Kubernetes VerticalPodAutoscaler
Introduction
Resource management is one of the most challenging aspects of running applications in Kubernetes. Allocate too few resources, and your application might crash or perform poorly. Allocate too many, and you're wasting money on unused capacity.
The Kubernetes VerticalPodAutoscaler (VPA) solves this problem by automatically adjusting the CPU and memory resource requests and limits for containers in your pods. Unlike the HorizontalPodAutoscaler (HPA) which scales the number of pod replicas, VPA focuses on right-sizing the resources for each individual pod.
How VerticalPodAutoscaler Works
VPA continuously monitors the resource usage of your containers and automatically updates the resource requests based on the observed usage patterns. It can operate in three different modes:
- Auto: VPA automatically applies resource recommendations by deleting and recreating pods
- Recreate: Similar to Auto mode, but VPA will only apply changes when you restart your pods
- Off: VPA generates recommendations but doesn't apply them automatically (useful for monitoring)
Let's visualize the VPA workflow:
Prerequisites
Before you start using VPA, make sure:
- You have a running Kubernetes cluster (v1.11+)

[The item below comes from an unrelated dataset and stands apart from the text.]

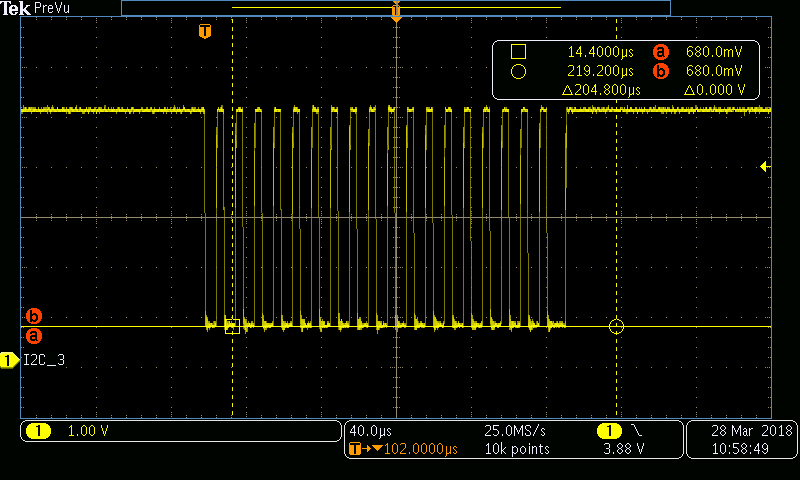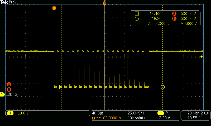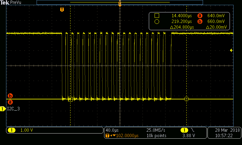 我假设最后一幅偏移为180mV 的图片是连接到主器件和 TCA9406的图片。 对于3.3V 电源和2k 上拉电阻器、该偏移有点大。 这使得下拉 FET 的 Ron 看起来大约为100欧姆、这非常大。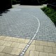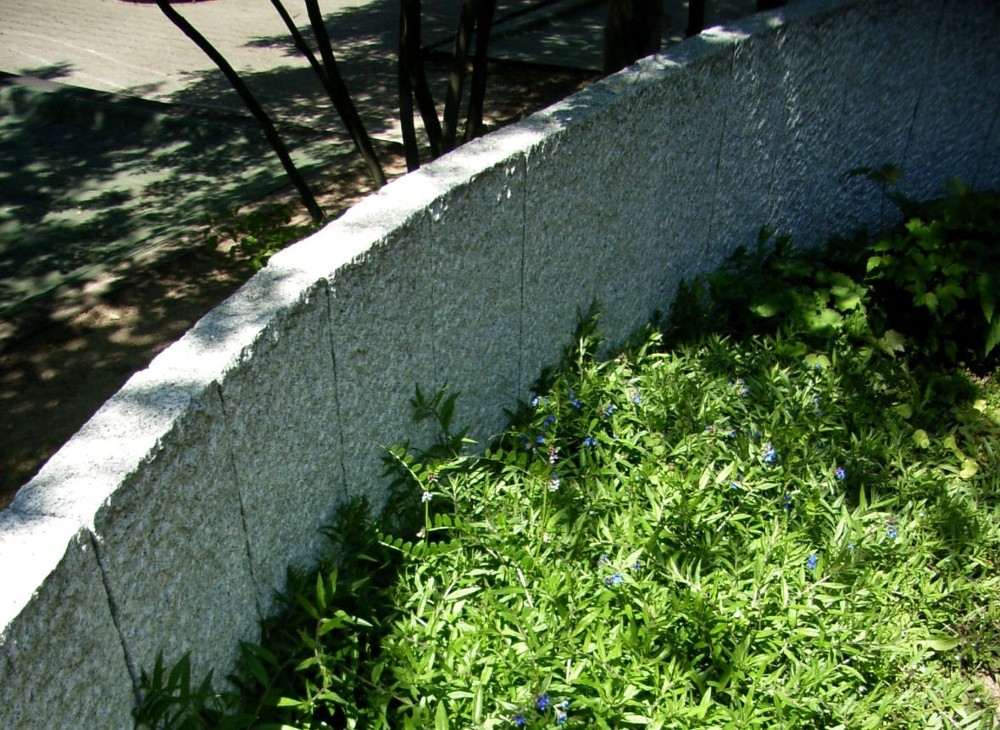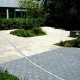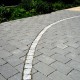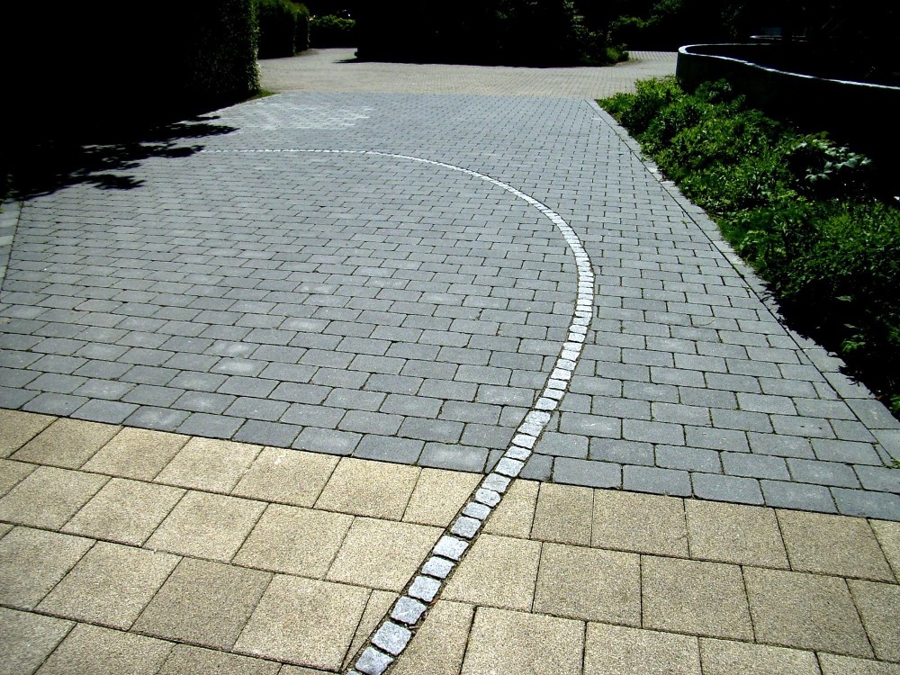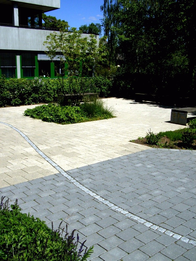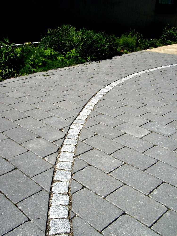 Spannende Kontraste durch fließende Bogenformen der Mauer und unterschiedliche Beläge mit Pflasterlinie.

- You've installed the VPA components using the official manifests
- Your application can handle being restarted (for Auto/Recreate modes)
Installing VPA in Your Cluster
First, let's install the VPA components:
# Clone the VPA repository
git clone https://github.com/kubernetes/autoscaler.git
# Navigate to the VPA directory
cd autoscaler/vertical-pod-autoscaler
# Deploy VPA components
./hack/vpa-up.sh
This script installs several components:
- The Vertical Pod Autoscaler Admission Controller
- The Vertical Pod Autoscaler Recommender
- The Vertical Pod Autoscaler Updater
Verify the installation:
kubectl get pods -n kube-system | grep vpa
Example output:
vpa-admission-controller-7868f65bcf-tp8gx 1/1 Running 0 2m
vpa-recommender-5c67c49ddb-2k7hc 1/1 Running 0 2m
vpa-updater-5c88bd5d58-ptxx2 1/1 Running 0 2m
Creating Your First VPA Resource
Let's create a VPA resource for a sample application:
apiVersion: apps/v1
kind: Deployment
metadata:
name: sample-app
spec:
replicas: 3
selector:
matchLabels:
app: sample-app
template:
metadata:
labels:
app: sample-app
spec:
containers:
- name: sample-app
image: nginx:latest
resources:
requests:
cpu: "100m"
memory: "100Mi"
limits:
cpu: "200m"
memory: "200Mi"
---
apiVersion: "autoscaling.k8s.io/v1"
kind: VerticalPodAutoscaler
metadata:
name: sample-app-vpa
spec:
targetRef:
apiVersion: "apps/v1"
kind: Deployment
name: sample-app
updatePolicy:
updateMode: "Auto"
resourcePolicy:
containerPolicies:
- containerName: "*"
minAllowed:
cpu: "50m"
memory: "50Mi"
maxAllowed:
cpu: "500m"
memory: "500Mi"
controlledResources: ["cpu", "memory"]
Save this as sample-app-with-vpa.yaml
and apply it:
kubectl apply -f sample-app-with-vpa.yaml
Exploring VPA Modes
Auto Mode
In Auto mode, VPA will:
- Monitor your pods
- Generate recommendations
- Delete and recreate pods with updated resource requests
- Pods are recreated one at a time to ensure availability
updatePolicy:
updateMode: "Auto"
Recreate Mode
Recreate mode is useful when you want more control over when pods are restarted:
updatePolicy:
updateMode: "Recreate"
With this setting, VPA generates recommendations but only applies them when pods are restarted manually or by another controller.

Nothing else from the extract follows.